A chromatic error mapping schema was implemented to enhance interpretability:
Red: Critical deviations (RMSE > 5 mm);
Yellow: Moderate errors (3 mm ≤ RMSE ≤5 mm);
Green: Expert-like precision (RMSE < 3 mm).
It can be known that the trajectory output of the bullet-time video group is better than that of the control group, which only watched the normal video, in which the experimental group had a total of 3 Critical deviations, while the control group had 17 occurrences. It is worth noting that, in order to eliminate individual differences as much as possible, we selected these two experimenters who performed almost identically after watching the first normal video (25 occurrences of Critical deviations in the same step).
When we extended this rating method to the full dataset, we obtained the data shown in
Table 9 below:
As shown in
Figure 11, both metrics consistently favored the bullet-time modality, with Expert-like scores reaching statistical significance (
p < 0.07, t(3) = 2.002) and Critical deviations showing strong directional trends (t(3) = 1.248).

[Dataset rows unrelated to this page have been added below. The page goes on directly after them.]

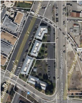
2363-2433 Mariner Square Drive – Rezone from Manufacturing to Residential.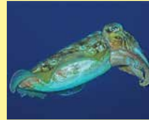
8/B - cuttle fish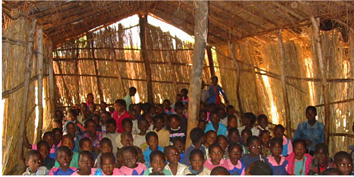
Figure 3: The back rows of a class of 150 Standard 1 pupils in a bamboo classroom

I returned to Malawi to share the results of my thesis, and for in-service courses for a few weeks each year between 2008 to 2014. The locations were in the four major centres: Zomba, Lilongwe, Mzuzu, and Blantyre. From my personal perspective this was an expensive program as it was almost totally unsupported. This was partly due to the Malawian expectation of being paid to attend courses. Organization of these week-long courses required the cooperation with the Association of Christian Educators of Malawi and various church education authorities.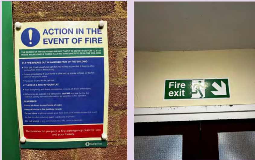
Fire Action Notice and Fire Exit Sign at 1-30 Laystall Court.

We have installed Fire Action Notices and Fire Exit Signs in your building.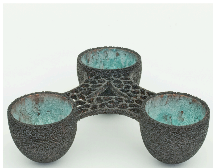
Toru series demonstration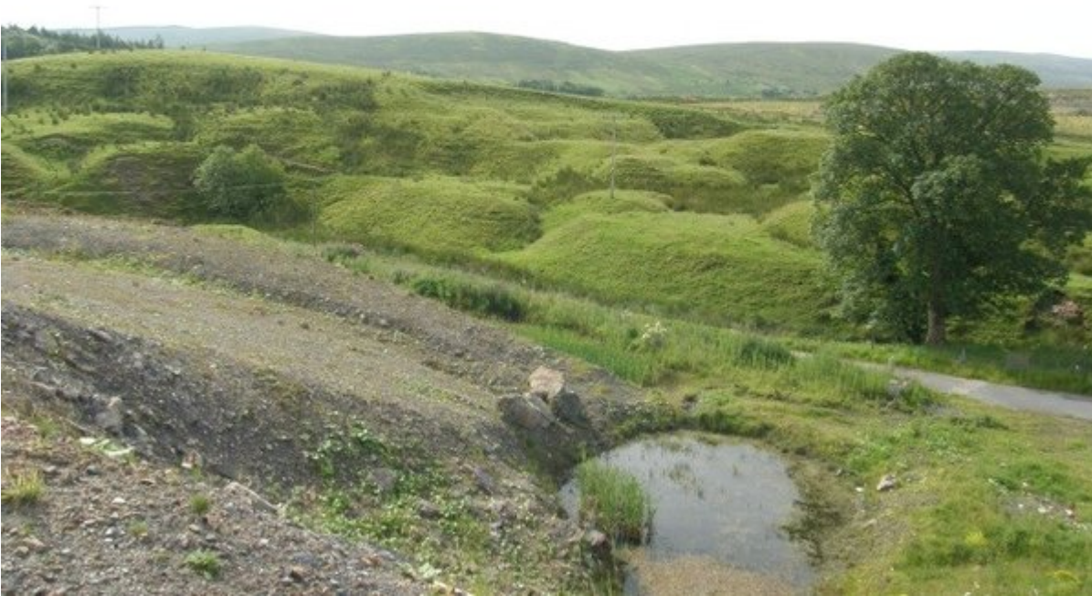
(Figure 8) Bell-pits at southern edge of Spireslack SCM. View looking toward the south-west. These disused bell-pits were historically associated with ironstone and limestone mining.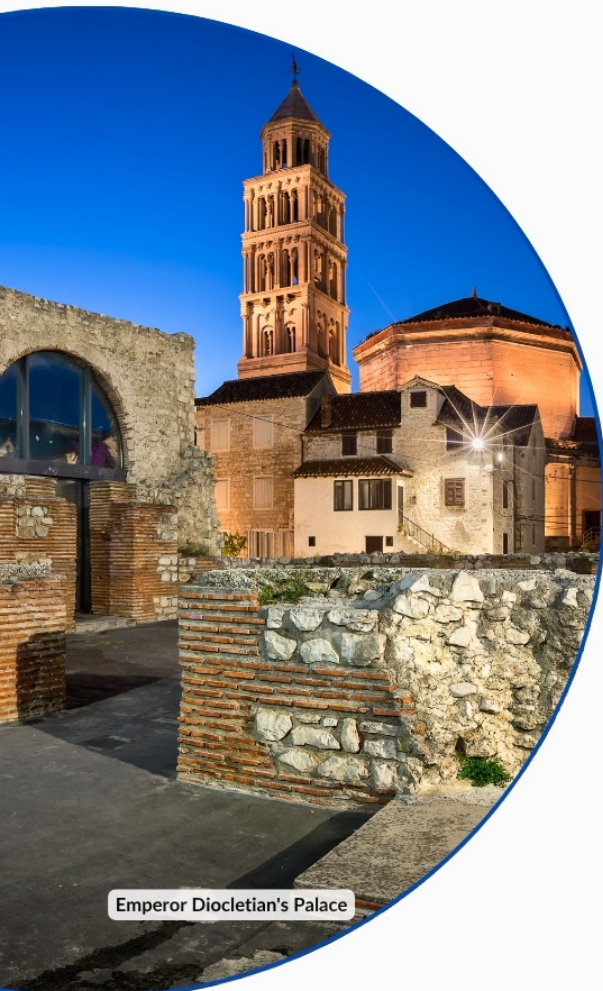
Emperor Diocletian's Palace

The large effect size for Expert-like (d = 1.00) and medium effect for Critical deviations (d = 0.62) indicate that bullet-time video provides measurable performance advantages.
With the exception of subject B, which shows an increase in the rate of fatal errors after watching the bullet-time video instead, all groups showed an improvement in educational outcomes compared to the regular video control group.
We also calculated the mean scores (transformed from RMSE calculations) for each of the eight groups of subjects participating in the trial, the time consumed, and the suture wound at completion, as shown in
Figure 12.
In addition, we found that there was consistency in the direction of the values of the expert score (score) as well as the trajectory fit as shown in
Figure 13. This could also confirm that our fit is able to explain the educational outcomes. And it indicates that the bullet-time educating method is useful for normal participants to master instruments’ easy control and medical participants about high-level procedures.
Because of the numerical nature of RMSE, we used the new numerical value RMSE_ref for the inverse expression of the trends of RMSE. This makes the results more intuitive.
A strong positive correlation is observed between expert ratings and automated RMSE_ref scores (r = 0.780, p = 0.022, 95% CI [0.18, 0.95]), indicating significant alignment in their evaluation trends. In 5 of 8 cases (62.5%), the expert ratings outperformed calculated RMSE_ref. The Wilcoxon signed-rank test showed consistent directional advantage for the system (T+ = 16.5, Z = −1.26, p = 0.207), with a moderate effect size (ES r = −0.44). These indicate that the trends of the two methodological assessments are highly consistent, and with the exception of some specific extreme samples, the rating score by system (RMSE_ref) can be used as a basis for judging completion.